Corals: environmental records of the past

Humans are wonderful creatures; our intellect has allowed us to thrive on this planet through impressive technological and scientific advances. However, this success has come at a cost. For example, most marine ecosystems are now under pressure from a variety of stressors mostly linked to human activities. In the case of coral reefs, these stressors include a combination of global pressures in the form of warming and ocean acidification, and local pressures which include overfishing, habitat destruction, pollution, increased sedimentation, to name just a few. This pressure has caused a worldwide loss and degradation of coral reefs; however, there are still questions about the full scale of these changes and on the ability of corals to withstand them. For example, we know that extreme heat can kill corals, but it is not fully understood how quickly corals can increase their tolerance to thermal stress, or how local and global stressors interact with each other. The latter is crucial because while fixing global warming and ocean acidification requires a global effort, but local governments and managers can implement policies to remove or reduce local stressors and give corals a better fighting chance in the face of climate change.

Massive colony of Sidereastrea siderea colony in Martinique. Photo: Jean-Philippe Maréchal (2021).

One of the reasons for current knowledge gaps is the lack of long-term temporal observations of key environmental parameters, such as temperature, salinity, or the pH of seawater. Historically, we either lacked the technology to monitor these parameters, access to such technology was expensive or there was no clear understanding of the need to monitor these parameters. Therefore, to put current changes in perspective, accounting for natural variability, it is necessary to find ways to fill knowledge gaps, and corals can help us to do so!

Reef forming corals precipitate a calcium carbonate skeleton that forms the reef foundation.  These skeletons come in all shapes and sizes, from the delicate and intricate branching corals to the massive types that are named as such due to their stable ball- or boulder-shaped skeleton. The skeletons of corals are attractive to paleoceanographers because they can tell us about the past, if you know how to read the stories recorded in their skeletons. This is because corals continuously deposit new layers on top of their older skeleton, thus growing bigger and bigger every year and creating a record of their history. Some massive corals can become real life giants as the can live for several centuries, never ceasing to grow. The oldest massive corals are believed to be nearly a thousand years old. But corals are living organisms that respond to their environment as we do, and their skeleton records these changes in a similar way to trees forming rings. In winter, when the waters are cold, corals tend to grow slower and form a denser skeleton while in summer, when it is warmer, corals usually grow faster and form a less dense skeleton. Therefore the skeleton of a massive coral records this seasonal rhythm in the form of annual bands that resemble the rings in the trunk of a tree.

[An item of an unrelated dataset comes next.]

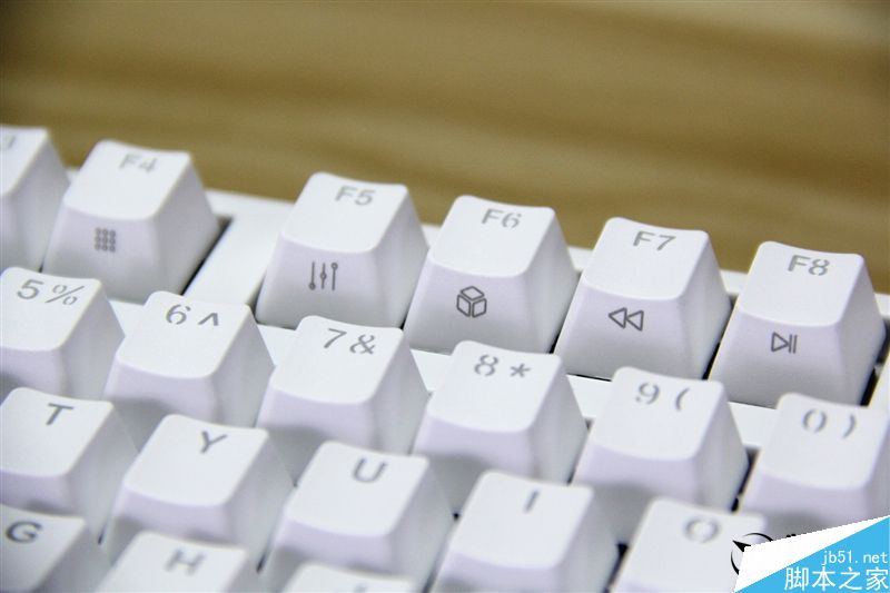 ↑↑↑這套純PBT材質(zhì)的鍵帽表面印字工藝為激光蝕刻,顏色較淺深度也不大。正刻為Windows功能圖標,測刻為Mac功能圖標,方便Windows/Mac兩種平臺不同按鍵功能的識別。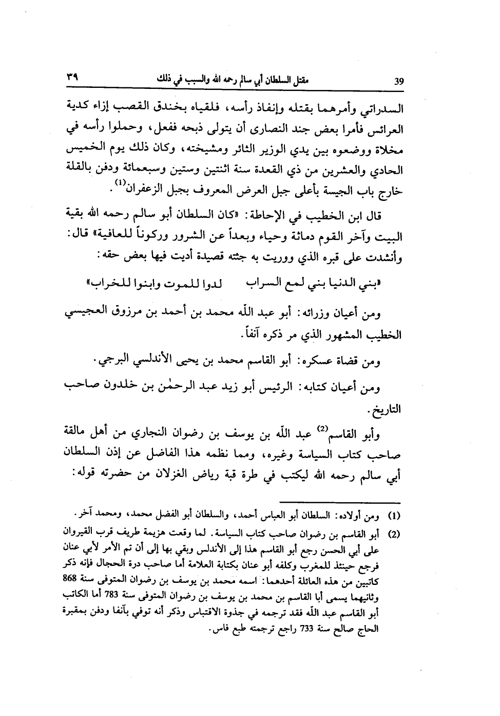 السدراتي وَأَمرهمَا بقتْله وإنفاذ رَأسه فلقياه بخندق الْقصب إزاء كدية العرائس فأمرا بعض جند النَّصَارَى أَن يتَوَلَّى ذبحه فَفعل وحملوا رَأسه فِي مخلاة ووضعوه بَين يَدي الْوَزير الثائر ومشيخته وَكَانَ ذَلِك يَوْم الْخَمِيس الْحَادِي وَالْعِشْرين من ذِي الْقعدَة سنة اثْنَتَيْنِ وَسِتِّينَ وَسَبْعمائة وَدفن بالقلة خَارج بَاب الجيسة بِأَعْلَى جبل الْعرض الْمَعْرُوف بجبل الزَّعْفَرَان

X-ray image from a core of a massive coral showing the annual density bands.

If a year is unsually cold or warm this influences the average growth rate for that particularly year. Therefore, if we measure the distance between these annual bands, we can reconstruct the growth history of a coral throughout its life. The incorporation of elements present in seawater into the skeleton of the corals is also influenced by changes in the environment. For example, the incorporation in strontium into the skeleton varies with temperature; therefore the changes in strontium in the skeleton can be used to reconstruct the changes in the seawater temperature through time. Similarly the amount of barium in the skeleton of corals appears to respond to changes in the amount of terrestrial runoff reaching the reef.

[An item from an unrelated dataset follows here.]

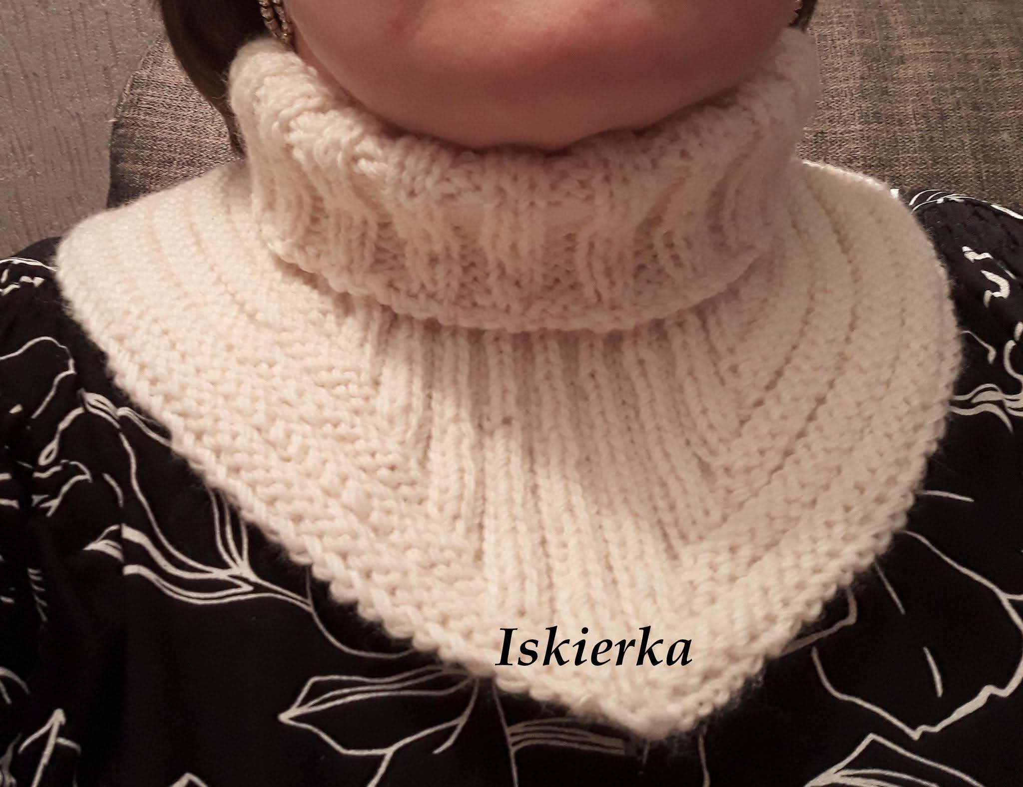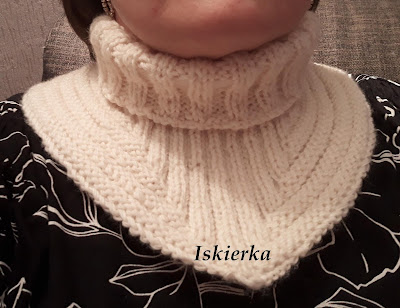 Mama poprosiła jeszcze o jakiś komin/otulacz na szyję. Wymyśliłam że zrobię jej coś innego niż zrobiłam do tej pory i na YT znalazłam dokładny tutorial na piękny Otulacz z trójkątnym klinem:Oczywiście moja mama nie byłaby sobą, gdyby do robótki nie wtrąciła swoje 3 grosze. Nie miałam zamiaru się z nią kłócić, więc zrobiłam dokładnie tak jak sobie życzyła i golf w tym otulaczu jest o połowę krótszy niż być powinien. Klient nasz pan.

As part of the MaCoBioS project we are planning to analyse the growth and chemistry of the skeleton of corals from Martinique and Bonaire the Caribbean. These analyses will be used to reconstruct temporal changes in terrestrial inputs into the reef, and to determine how this is linked to land use change and pollution over time. In addition, we will investigate how different corals control their internal chemistry to facilitate the formation of the skeleton and how this mechanism responds to ocean acidification and thermals stress. For this second goal we will compare corals from the tropical Caribbean with corals from the temperate Mediterranean. These projects aim to provide managers and policy makers with better information on how corals respond to changes in their environment over long periods of time so that they can take the right steps to manage the reef and help preserve these magnificent ecosystems.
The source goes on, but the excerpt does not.